Python has a large number of tools available for doing data science, sometimes referred to as 'scientific Python'.
The scientific Python ecosystem revolves around some a set of core modules, including:
scipy
numpy
pandas
matplotlib
scikit-learn
Here we will explore the basics of these modules and what they do, starting with scipy.
# You can import the full scipy package, typically shortened to 'sp'
import scipy as sp
# However, it is perhaps more common to import particular submodules
# For example, let's import the stats submodule
import scipy.stats as sts
Scipy has a broad range of functionality.
For a simple / random example, let's use it's stats module to model flipping a coin with Bernouilli Distribution, which is a distribution that can model a random variable that can be either 0 (call it Tails) or 1 (call it Heads).
# Let's model a fair coin - with 0.5 probability of being Heads
sts.bernoulli.rvs(0.5)
0
# Let's flip a bunch of coins!
coin_flips = [sts.bernoulli.rvs(0.5) for ind in range(100)]
print('The first ten coin flips are: ', coin_flips[:10])

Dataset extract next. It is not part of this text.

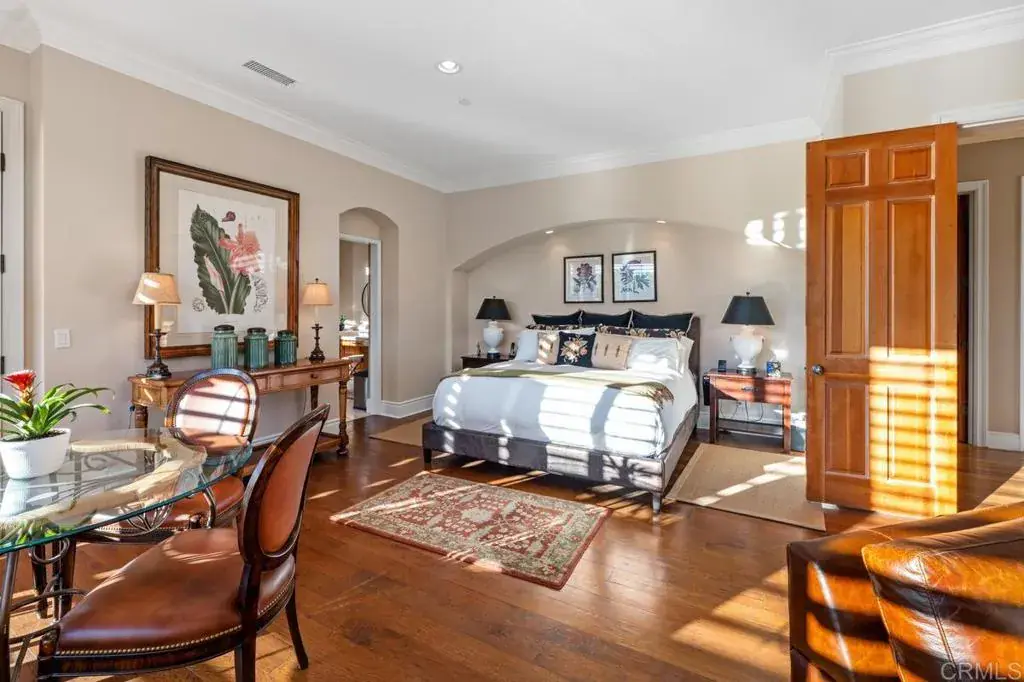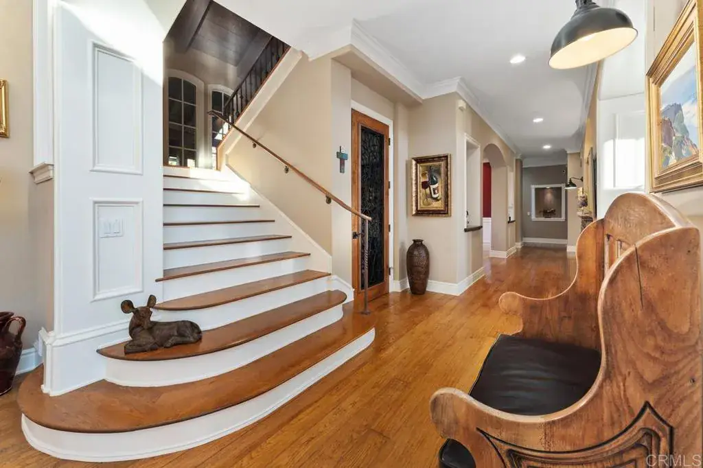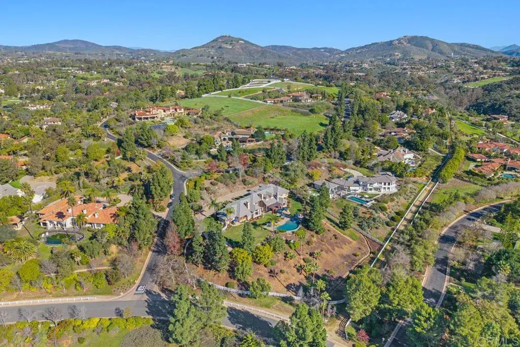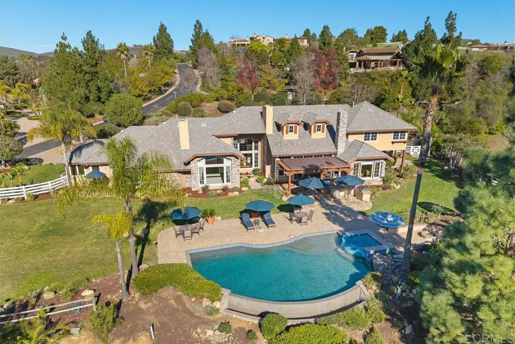 Commanding one of the premier-view lots in exclusive guard-gated Wildflower Estates, this exceptional estate captures unobstructed west-facing panoramic mountain and Olivenhain Valley views with breathtaking sunsets—among the finest in the community. Set high on a private hilltop and spanning nearly 1.9 acres, the property offers a rare combination of privacy, scale, and resort-style outdoor living. The expansive entertainer’s backyard features a sparkling vanishing edge pool and spa with waterfall, built-in BBQ, generous lawn areas, and multiple covered and open patios designed to fully embrace sunset views and seamless indoor-outdoor living. The residence offers 5 bedrooms and 5.5 baths, thoughtfully designed with a highly desirable first-floor layout that includes a luxurious primary suite and two additional en-suite bedrooms on the main level. Upstairs, two spacious bedroom suites provide ideal accommodation for family or guests. Recently updated interiors blend warmth and sophistication, highlighted by a custom-designed gourmet kitchen featuring 48” Wolf professional gas range with griddle, Wolf vent hood, 48” Sub-Zero refrigerator, Meile dishwasher, Magnifica Calcutta de Oro and Calcutta de Antica porcelain countertops, a farmhouse stainless steel-sink, and an oversized island. The kitchen is further enhanced by a custom coffee and beverage bar, imported Italian tile and flows effortlessly into the butler’s pantry, family room and outdoor entertainment spaces. Living, family, and formal dining rooms are all located on the main level, creating an exceptional layout for both everyday living and large gatherings. Architectural details throughout the home include exposed beam ceilings with heavy timbers, rich knotty pine wood finishes, multiple fireplaces—including indoor and outdoor—custom built-ins and a fire pit. Additional highlights include a private home gym with top-of-the-line equipment, wine storage, and an oversized four-car garage with extensive custom-built-in cabinetry, work bench and tool slat wall. The estate has been meticulously maintained with recently replaced HVAC and irrigations systems and water heaters for both the home and pool/spa. The grounds are professionally landscaped with lush mature gardens, palm trees, fruit orchards, planter beds, and expansive grass flat areas suitable for sports, recreation, gardens, or additional outdoor amenities. Wildflower Estates is a prestigious guard-gated enclave offering a private community park, scenic walking paths, and direct access to expansive equestrian and hiking trails—an unmatched natural setting unique to Olivenhain. Located just minutes from top-rated schools, beaches, shopping, dining, and coastal amenities, this extraordinary estate represents a rare opportunity to own one of the finest view properties in Wildflower Estates, where privacy, luxury, and natural beauty converge.

print('The percent of heads from this sample is: ', sum(coin_flips) / len(coin_flips) * 100, '%')
The first ten coin flips are: [1, 0, 0, 1, 0, 1, 1, 0, 1, 0] The percent of heads from this sample is: 59.0 %
Note: An array is a 'a systematic arrangement of similar objects, usually in rows and columns' (definition from Wikipedia)

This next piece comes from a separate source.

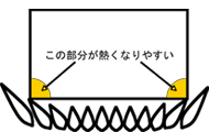図1 普通の鍋 底が平たい 鍋の温度にムラができる |
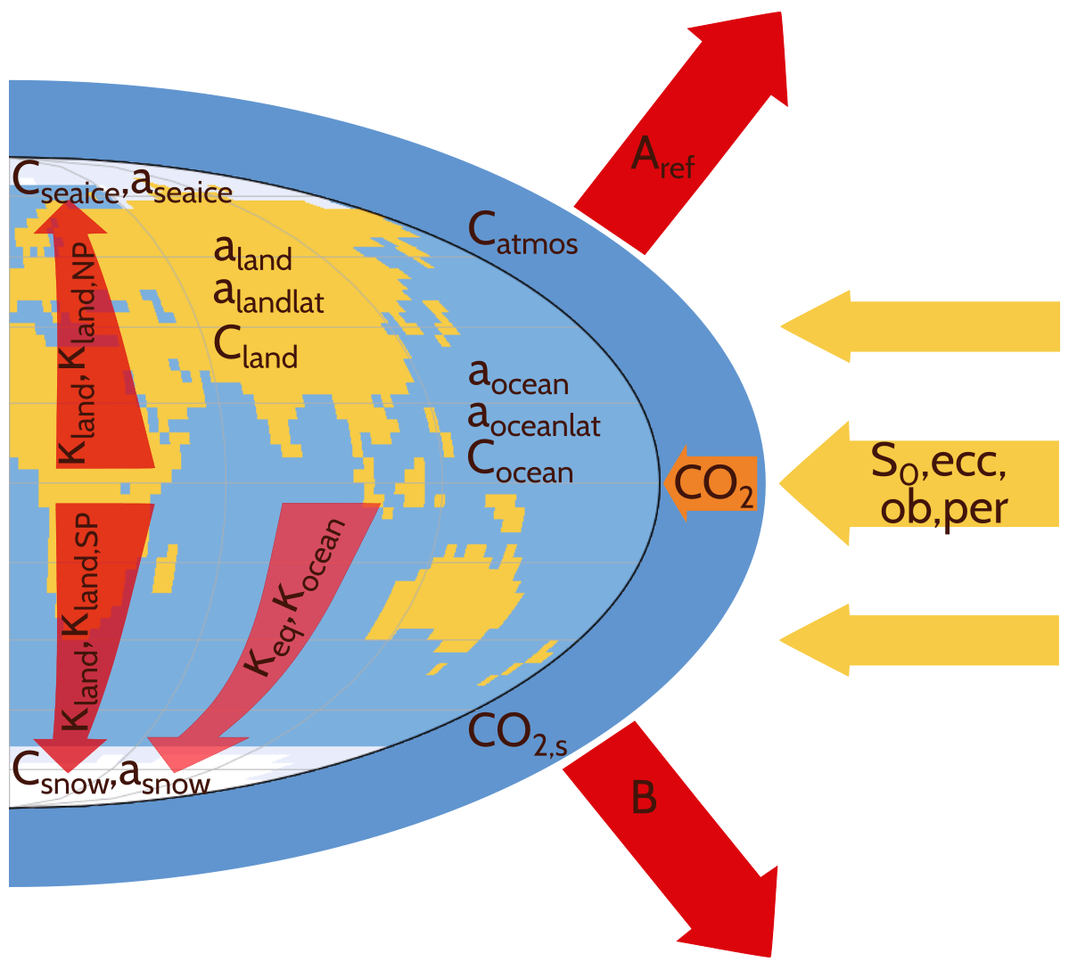 We distinguish between oceanic heat transport and heat transport over land and snow/ice covered areas. We also account for a difference of the heat transfer in the northern and southern hemisphere due to the asymmetric distribution and sizes of the land masses. The following figure shows a sketch of the energy fluxes due to heat transfer accounted in our model (here, the diffusion coefficients are denoted with instead of )

# Numpy is standardly imported as 'np'
import numpy as np
# Numpy's specialty is linear algebra and arrays of (uniform) data
# Define some arrays
# Arrays can have different types, but all the data within an array needs to be the same type
arr_1 = np.array([1, 2, 3])
arr_2 = np.array([4, 5, 6])
bool_arr = np.array([True, False, True])
str_arr = np.array(['a', 'b', 'c'])
# Note that if you try to make a mixed-data-type array, numpy won't fail,
# but it will (silently)
arr = np.array([1, 'b', True])
# Check the type of array items
print(type(arr[0]))
print(type(arr[2]))
<class 'numpy.str_'> <class 'numpy.str_'>
# These array will therefore not act like you might expect
# The last item looks like a Boolen
print(arr[2])
# However, since it's actually a string, it won't evaluate like a Boolean
print(arr[2] == True)
True False
Pandas main data object is the DataFrame, which is a powerful data object to store mixed data types together with labels.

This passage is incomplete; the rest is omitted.